I turn back to the white metal door.

Robert is standing near the door and taking slow drags from his cigarette. I wonder if the spell of control is broken. I wonder now what he’ll do, what he’ll say, but I can see that his hand is firmly on the helm of his feelings, that he’s in charge of his own agenda. Maybe he’s even relieved now that the family visit is over. His mother had barely cried, and it had not been a tearful, wrenching parting. Maybe that’s why he didn’t protest when the warden asked the family to leave early. Maybe now in these last hours it’s easier just to take care of himself. It is, after all, what he’s been doing since childhood.

“I’m goin’ out with my boots on,” he says, “and if it ain’t too much trouble for you, ma’am, I’d sure appreciate bein’ buried in these boots.”

The air is still heavy with the finality of his family’s leaving, and I start moving away the four empty chairs facing the white metal door. There will be only one chair now. It is darkening outside. The fluorescent lights have been turned on.
Create a clean heart in me, O God, and a steadfast spirit renew within me
.

Robert asks me about the results of the polygraph test.

Zuelke, who had conducted the test this morning, had processed the results at his office in Baton Rouge. Since prison rules prohibited his telephoning the results directly to Robert, he called me.

“Zuelke said your answers showed stress, just as he had predicted,” I tell him. “He said the results were inconclusive.”

The news surprises him. “Man!” he says. “Is the dude sure? Is he absolutely, positively sure? I felt at ease answering all the questions. I didn’t feel no stress at all. Man!
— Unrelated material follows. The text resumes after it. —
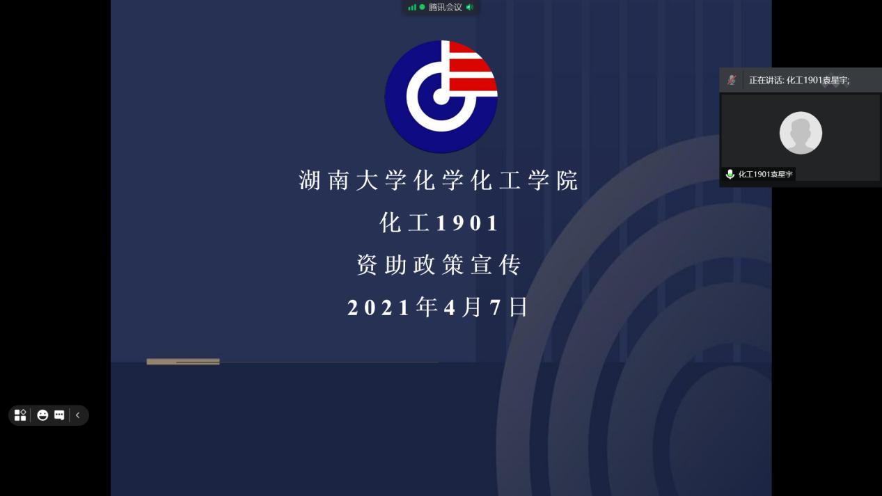 化工1901班在2021年4月7日晚9:30-10:20开展资助政策宣传班会。

I can’t believe I failed that test.”

“Zuelke didn’t say you failed the test,” I say. “He said that your responses registered stress, which may in normal circumstances be associated with lying, but here, facing death like this, who wouldn’t show stress? All Zuelke said was that the test showed stress, which he fully expected it would.”

It amazes me that Robert actually thought he could transcend feelings of stress here in this death house on the day he’s scheduled to die.

“Robert, you’d have to be a robot or insane not to feel stress,” I say, and I tell him that mothers have a way of knowing the truth about their children, and that surely his mother is not going to rely on a semiscientific test to determine whether she believes him or not.